Radivoj Korać (; 5 November 1938 – 2 June 1969) was a Serbian and Yugoslav professional basketball player. He represented the Yugoslavia national basketball team internationally. Korać is well-known for holding the EuroLeague's all-time single-game scoring record (since 1958), at 99 points scored, in a game versus Alviks, during the 1964–65 season, and for once making 100 out of 100 free throws on a live television show in Belgium.

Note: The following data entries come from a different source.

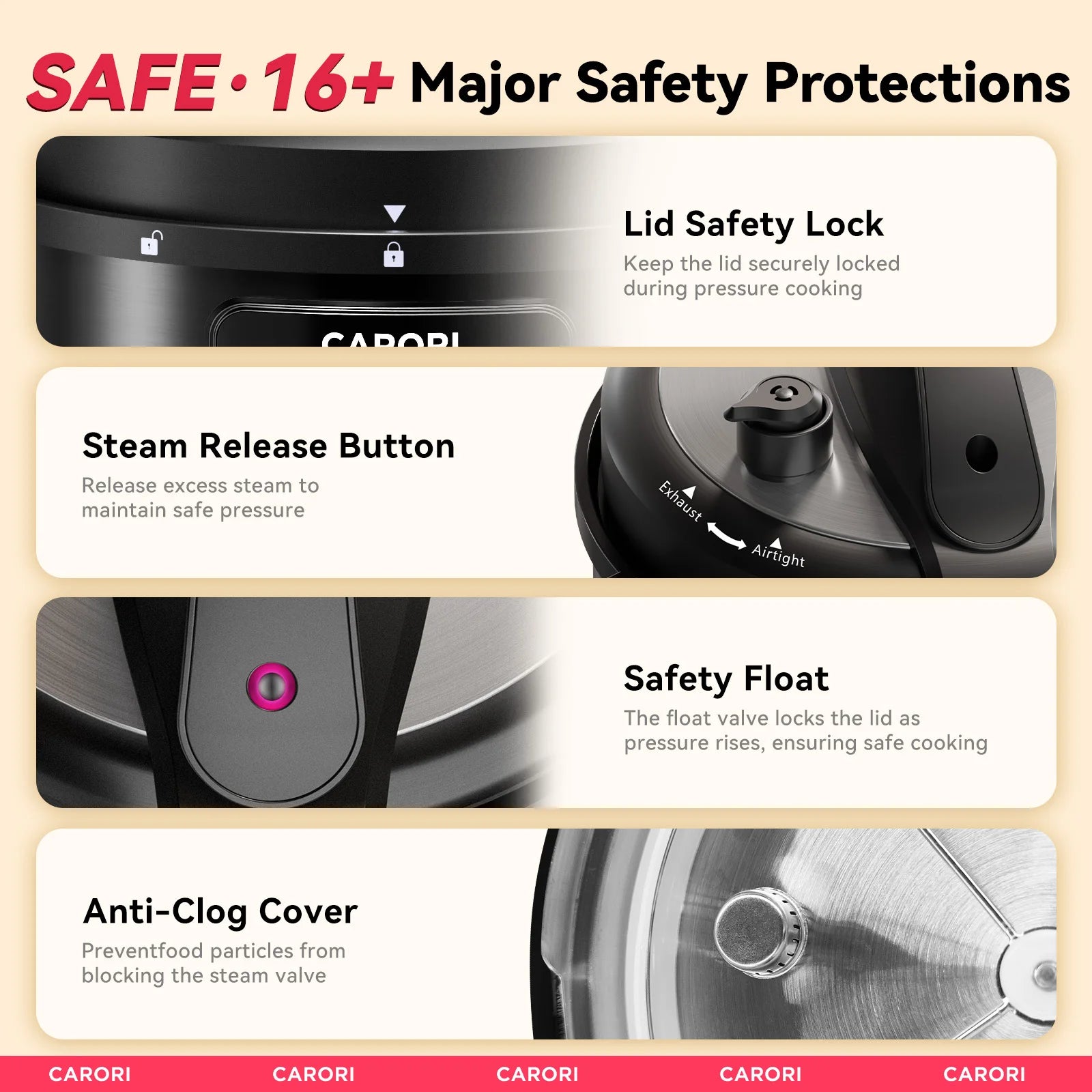 16+ Built-in Safety Features for Peace of Mind: Say goodbye to olla de presion worries! With over 16 advanced safety features, including a steam release button, lid safety lock, overheat protection, leak-proof design, and pressure limit protection, this pressure cooker electric is designed to prioritize your safety.
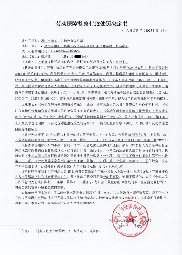劳动保障监察行政处罚决定书
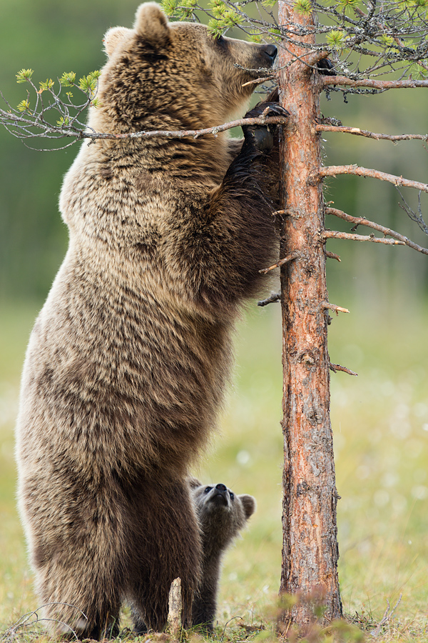 Cub watches as mother reaches up into a tree. ![]()
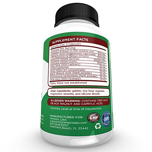 - Feature : WITH OREGANO EXTRACT - From Georgetown University Medical Center: "the daily oral administration of origanum oil may be highly effective in the prevention and treatment of candidiasis." / WITH CAPRYLIC ACID - 400mg of this potent antifungal kills Candida cells to combat yeast infections and support a balanced digestive system*. / WITH ENZYMES AND PROBIOTICS - Helps reduce candida "die-off" symptoms of nausea, headaches, pain, breakouts by digesting the dead Candida toxins and replacing them with healthy bacteria*. / NEUTRAL TASTE - These capsules are designed to go down smoothly with no hints of garlic, rotting grass, or other rank odors. / 110% LIFETIME GUARANTEE - You won't find a better guarantee anywhere else. Our guarantee is simple: you are protected FOR LIFE. If for any reason or no reason whatsoever you are dissatisfied with this product, let us know and we will give you 100% of your purchase price back no questions asked. Furthermore, we'll even donate 10% to charity. Yes: we believe in our product so much that we can offer you this insane guarantee.
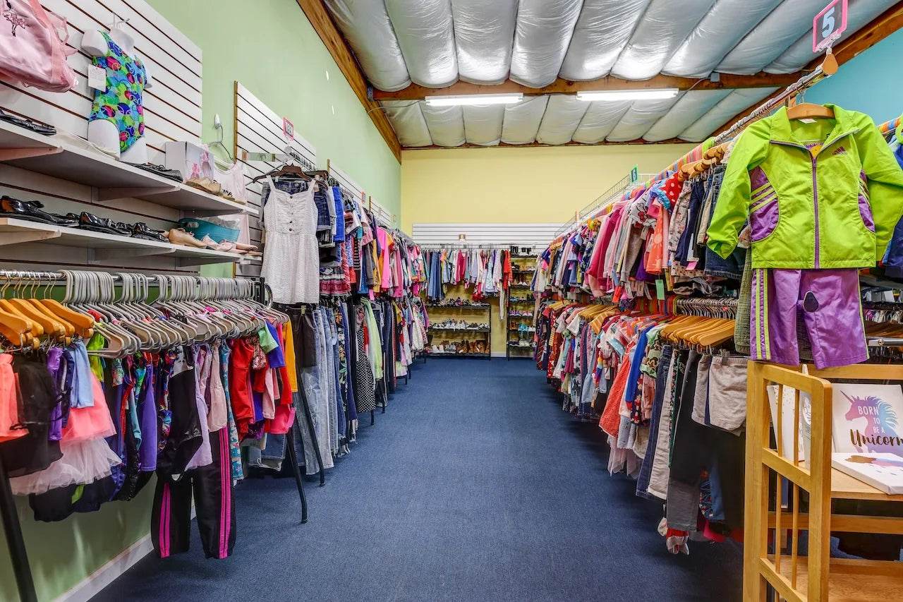 of new and high-quality used clothing in all sizes from newborn to teen, toys, games, puzzles, books, sportswear, baby gear, room decor, small furniture, and more.

Korać died in a car crash in 1969, at the age of 30, and FIBA Europe later established the European-wide third-tier level FIBA Radivoj Korać Cup, in his remembrance, in 1971. Korać was named one of FIBA's 50 Greatest Players in 1991. In 2002, the Basketball Federation of FR Yugoslavia named its top national domestic cup competition, the Radivoj Korać Cup, after him. He was enshrined into the FIBA Hall of Fame in 2007, and was named one of the 50 Greatest EuroLeague Contributors the following year.

Club career
Korać was born in Sombor, in the Kingdom of Yugoslavia. He started playing for OKK Beograd, at the age of 16, and played as a left-handed forward-center. Popularly nicknamed, Žućko ('Ginger'), he became one of the best, if not the best, player of the Yugoslav First Federal League in the 1960s. In 1960, Korać was named The Best Athlete of Yugoslavia, and Yugoslav Sportsman of the Year. He was the best scorer of the Yugoslav First Federal League for seven seasons, which was a record. He scored a total of 5,185 points, in 169 games played in the Yugoslav League, for a career scoring average of 30.7 points per game. In 1962, in a Yugoslav First Federal League game against Mladost Zagreb, Korać scored 74 points.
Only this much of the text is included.